General News of Wednesday, 2 June 2010

Source: GBN

Ghanaians to pay 19c/min for inbound international calls

Ghana’s mobile phone subscribers will be paying a flat rate of 19 US cents a minute for all inbound international calls that they receive if an order by the Ministry of Communications comes into force.

A Ghana News Agency report has said when the order is enforced with strict monitoring by a Haitian company, Global Voices Group (GVG) SA, and the National Communications Authority (NCA) the country would generate at $60 million a year in the form of taxes on the inbound international calls. Currently there are five mobile phone companies operating in Ghana, a sixth is yet to start operations, and they altogether have over 15 million subscribers among Ghana’s about 22 million population.

Sometime this year, the Minister of Communications, Haruna Iddrisu had said that in March 2010 alone, government lost $5.8 million in revenue due to fraudulent termination of international calls coming into Ghana.

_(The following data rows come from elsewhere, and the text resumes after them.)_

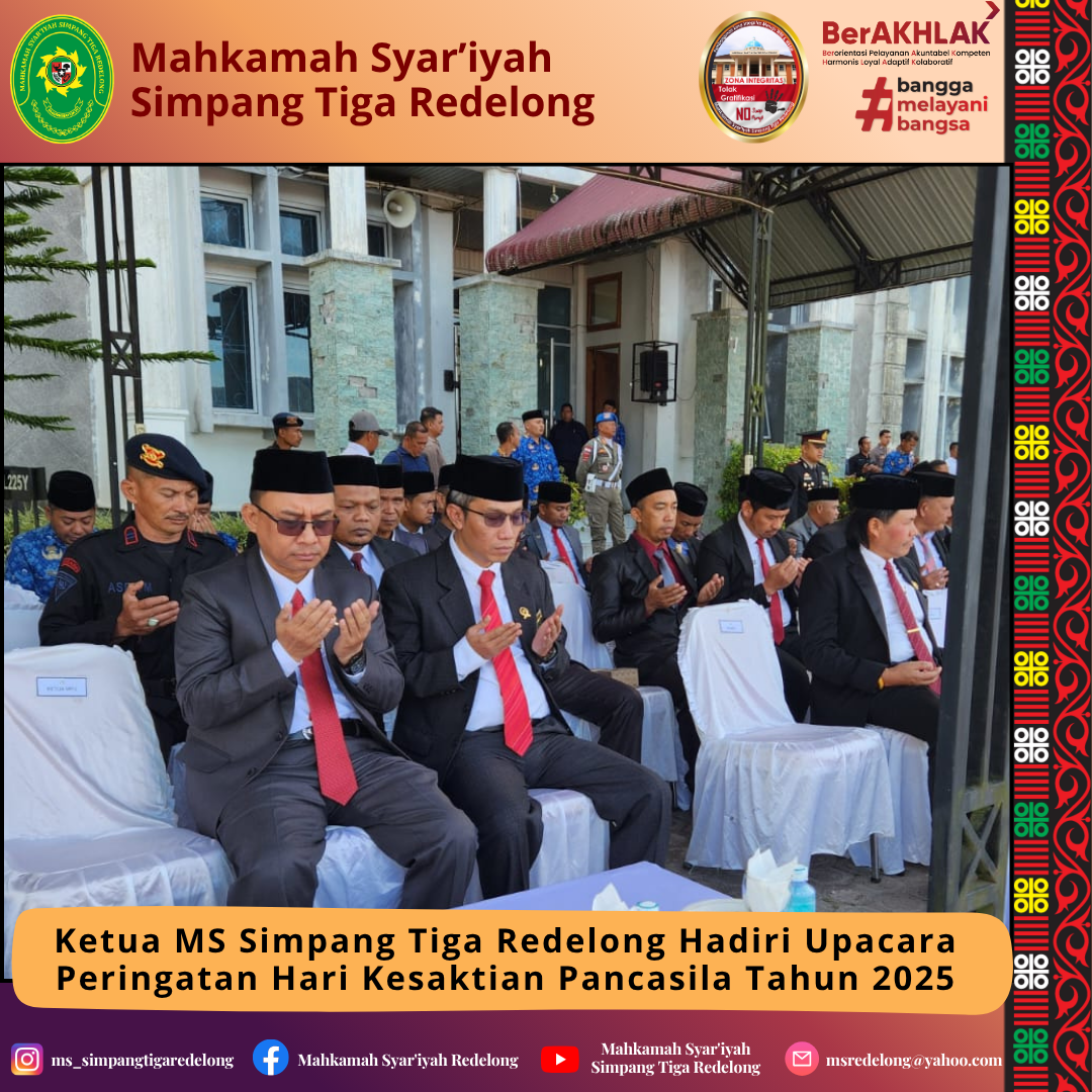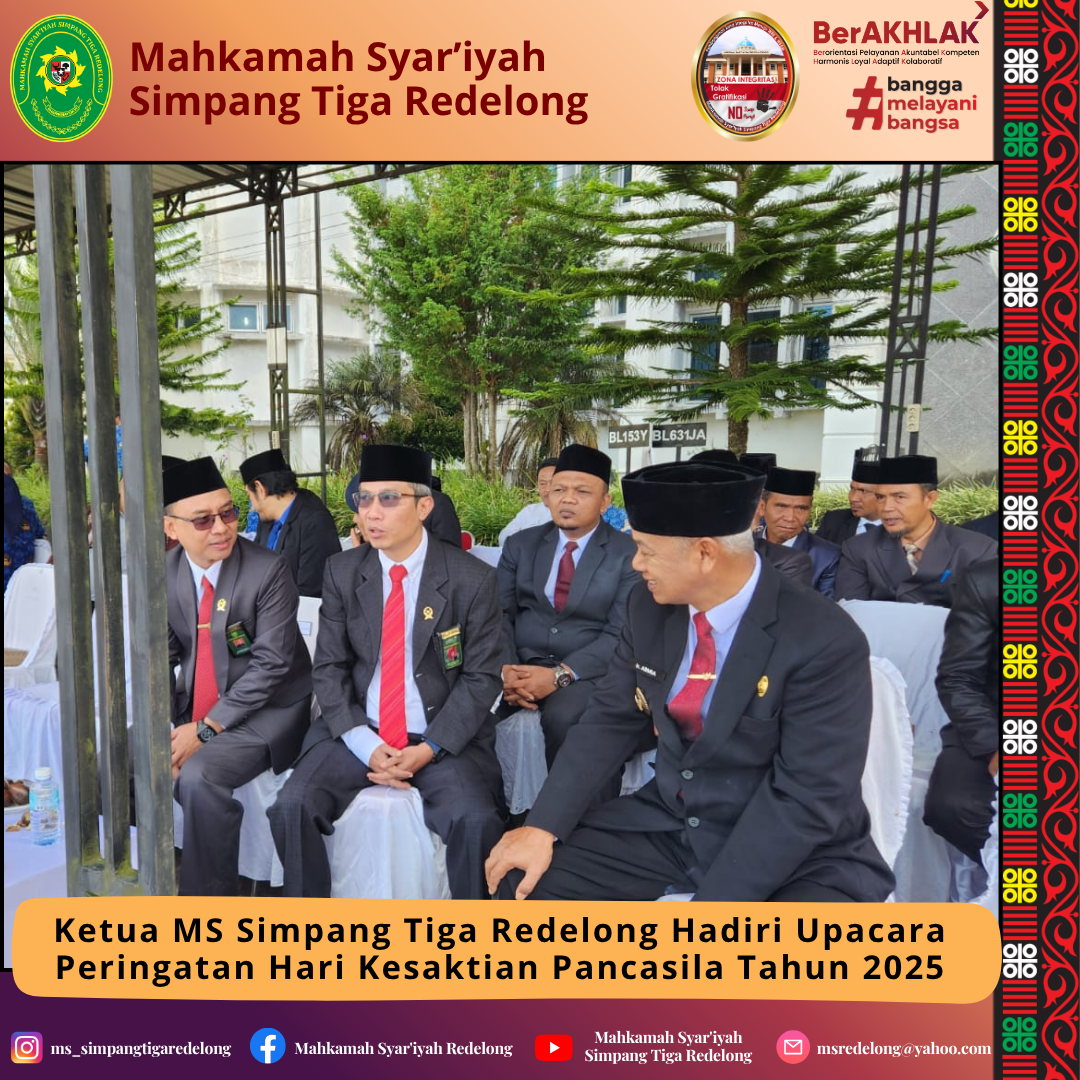 Redelong, Rabu 1 Oktober 2025 – Ketua Mahkamah Syar’iyah Simpang Tiga Redelong, Bapak Ahmad Nazif Husainy, S.H., menghadiri Upacara Peringatan Hari Kesaktian Pancasila Tahun 2025 yang digelar di Lapangan Upacara Sekretariat Daerah Kabupaten Bener Meriah. Upacara tersebut dipimpin langsung oleh Ir. H. Armia, Wakil Bupati Bener Meriah, yang bertindak sebagai Inspektur Upacara.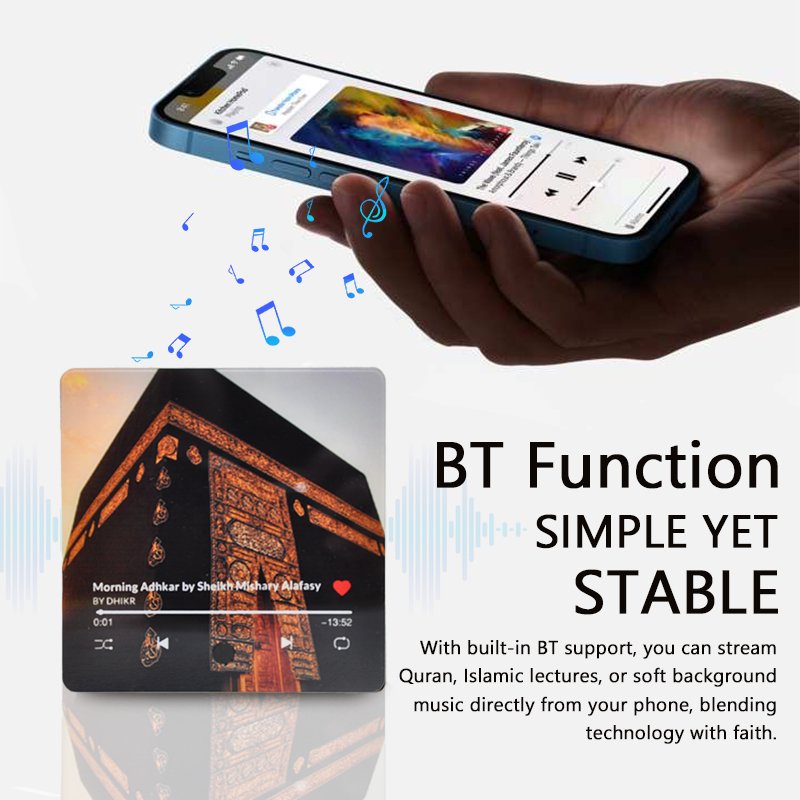 The device comes with preloaded Quran recitations. Moreover, it also supports Bluetooth connection, so users can play audio directly from their smartphone.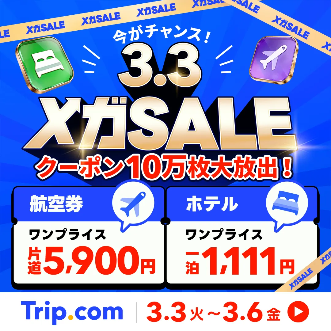 最もおトクな4日間 Trip.comのメガSALE 年に数回の特別なチャンス Trip.comのメガSALE 行きたかったあの場所も、泊まりたかった憧れホテルも、おトクな航空券も 有名パークのチケットも 今だけのセールが盛りだくさん! 次の...

He told journalists that international calls are being terminated on mobile phones as local cell phone numbers. He said this fraud is being perpetrated by unidentified persons, adding that so far about 3,000 landline and cell phone numbers have been identified as being used for that fraud.

Iddrisu said the Ministry has been able to ascertain the actual quantum of the losses through the help of GVG.

To implement this new regulation, call signals would have to go through the Intelligence Signal Management System (ISMS) equipment and that could affect the quality of the call at the receiving end, the mobile phone companies in Ghana have all said.